# Best Material for T-shirt Tag/Label



## Omaggio Fratelli (Aug 13, 2007)

Help!!! I am researching t-shirt relabeling companies and I am interested in seeing which material is the best quality. Typically I find Taffeta, Satin & Damask advertised.


----------



## monkeylantern (Oct 16, 2005)

Damask is the softest, taffeta stiff and heavy (think jacket labels), and satin a half-way house.

I'd recommend damask for tshirts.


----------



## Omaggio Fratelli (Aug 13, 2007)

Appreciate your help, thanks!!


----------



## Zabulun (Oct 10, 2008)

There are 2 suppliers that offer labels that are nice for T shirts. You can contact both of them and have them send you samples

The Label Factory - custom rhinestone heat transfer, iron on rhinestones, custom heat transfer, iron on heat transfer, custom heat transfer, embroidered patch, iron on patch, sew on patch, woven label, laser labels, printed label, hang tag, clothing 

Printed & Woven Fabric Labels, General Label Manufacturing


----------



## carrotjuice (Apr 25, 2009)

Help! Levi's has a hang tag that I love. I have been searching for several months and I have been unable to figure out the type of material it is. It is thin, bendable and virtually rip resistant. You can however put a fingernail indent in it. It is almost like a very thin faux leather (without the fibers) it is very flat in terms of its sheen...what is it made of? Thanks!


----------



## Bades (Feb 13, 2009)

I find AA tags are pretty soft... are they satin?


----------



## ArtbyTati (Dec 5, 2012)

Anyone have an opinion about printed hot stamp labels? I saw some on one website and they look great, just wondering about durability (will it wash out) and quality?
Thanks


----------



## vnssnsa (Sep 6, 2015)

I would say Damask is the best! It uses among many different brand even high end. It gives you the profession of look. Printed labels is soft but it mainly uses inside the clothing to give detail and washing instruction to the customers. So to be 'catchy' on the shirt. I would go for damask too!


----------



## ArtbyTati (Dec 5, 2012)

vnssnsa said:


> I would say Damask is the best! It uses among many different brand even high end. It gives you the profession of look. Printed labels is soft but it mainly uses inside the clothing to give detail and washing instruction to the customers. So to be 'catchy' on the shirt. I would go for damask too!

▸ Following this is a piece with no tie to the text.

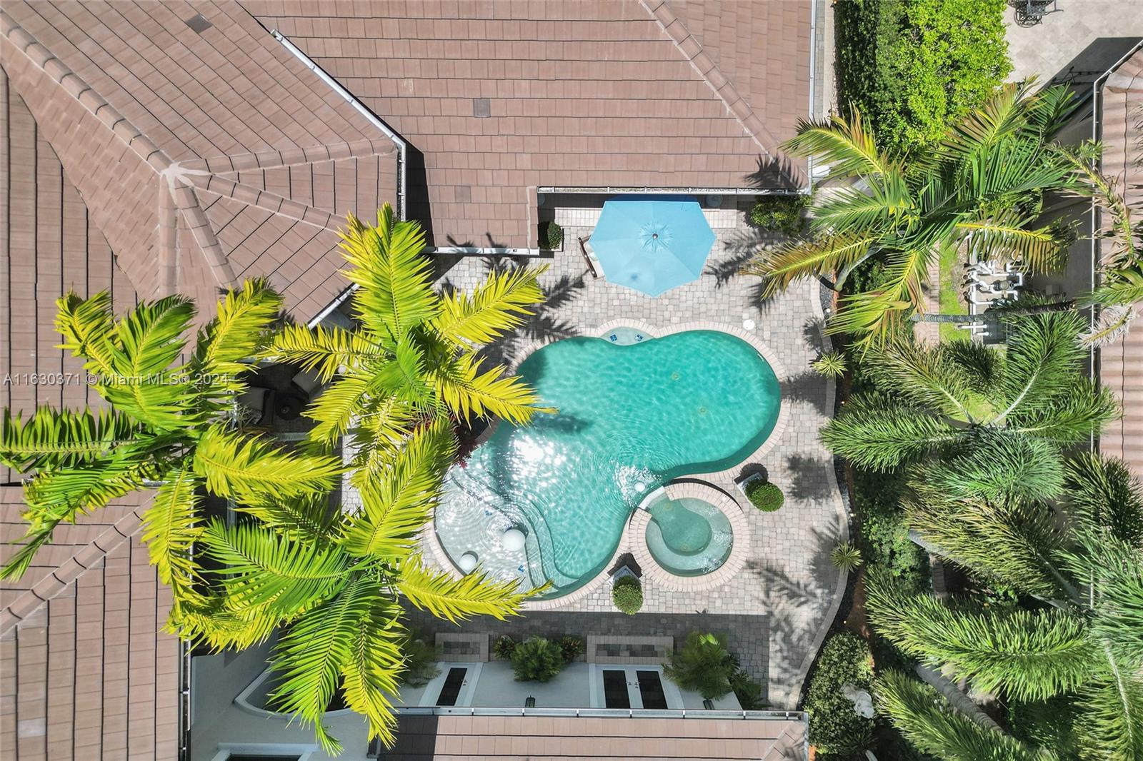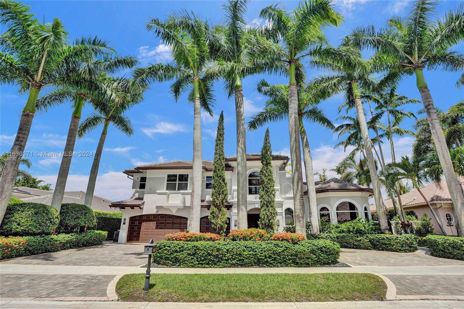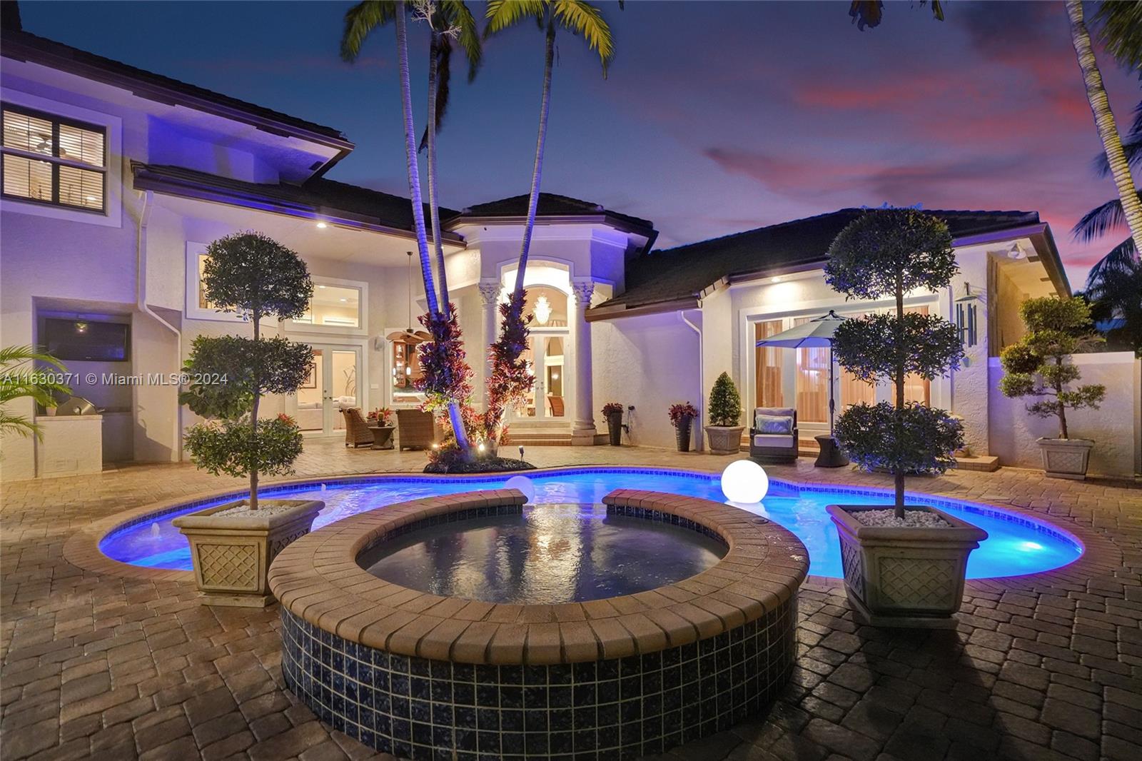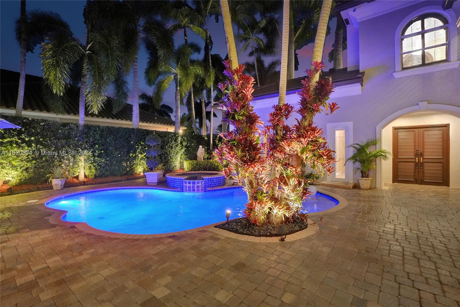 YOUR PRIVATE TROPICAL OASIS AWAITS YOU! Stunning 2 story house on a quiet cul-de-sac in the 24/7 guard gated Hawks Landing. It features 5 bed/4.5 bths w/ waterfront views. A New Roof, exterior paint 2023, all impact windows/doors in 2022. Smart Home, security cameras, security lights. The first floor has the sumptuous primary w/dbl W.I.C., marble spa bath. Wood floors & high volume ceilings make this a true retreat. Enjoy your large chef's kitchen with dbl. stacked wood & glass cabinets. High end appliances w/ 6 burner gas stove & dbl. ovens. New wine & beverage cooler makes for easy entertaining. marble & wood floors throughout. The separate guest house has views of the pool & spa plus amazing courtyard landscaping, W.I.C. and refreshment bar plus full bath. Look no further, you’re home.

Thanks, I was looking at damask and it does seem really soft. But from what I understand it is the material of the tag itself, right? You can still do woven tag, printed tag, and hot stamp (which I guess is different from regular printed tags?) on the damask fabric. Any preference of method? Thanks


----------



## vnssnsa (Sep 6, 2015)

ArtbyTati said:


> Thanks, I was looking at damask and it does seem really soft. But from what I understand it is the material of the tag itself, right? You can still do woven tag, printed tag, and hot stamp (which I guess is different from regular printed tags?) on the damask fabric. Any preference of method? Thanks


Damask is a type of woven labels. So there is damask woven labels but no damask printed labels. There are few different types in woven labels e.g satin but damask is the best quality. Woven labels or woven tag are weaved by threads from a big machine. Hope this help!


----------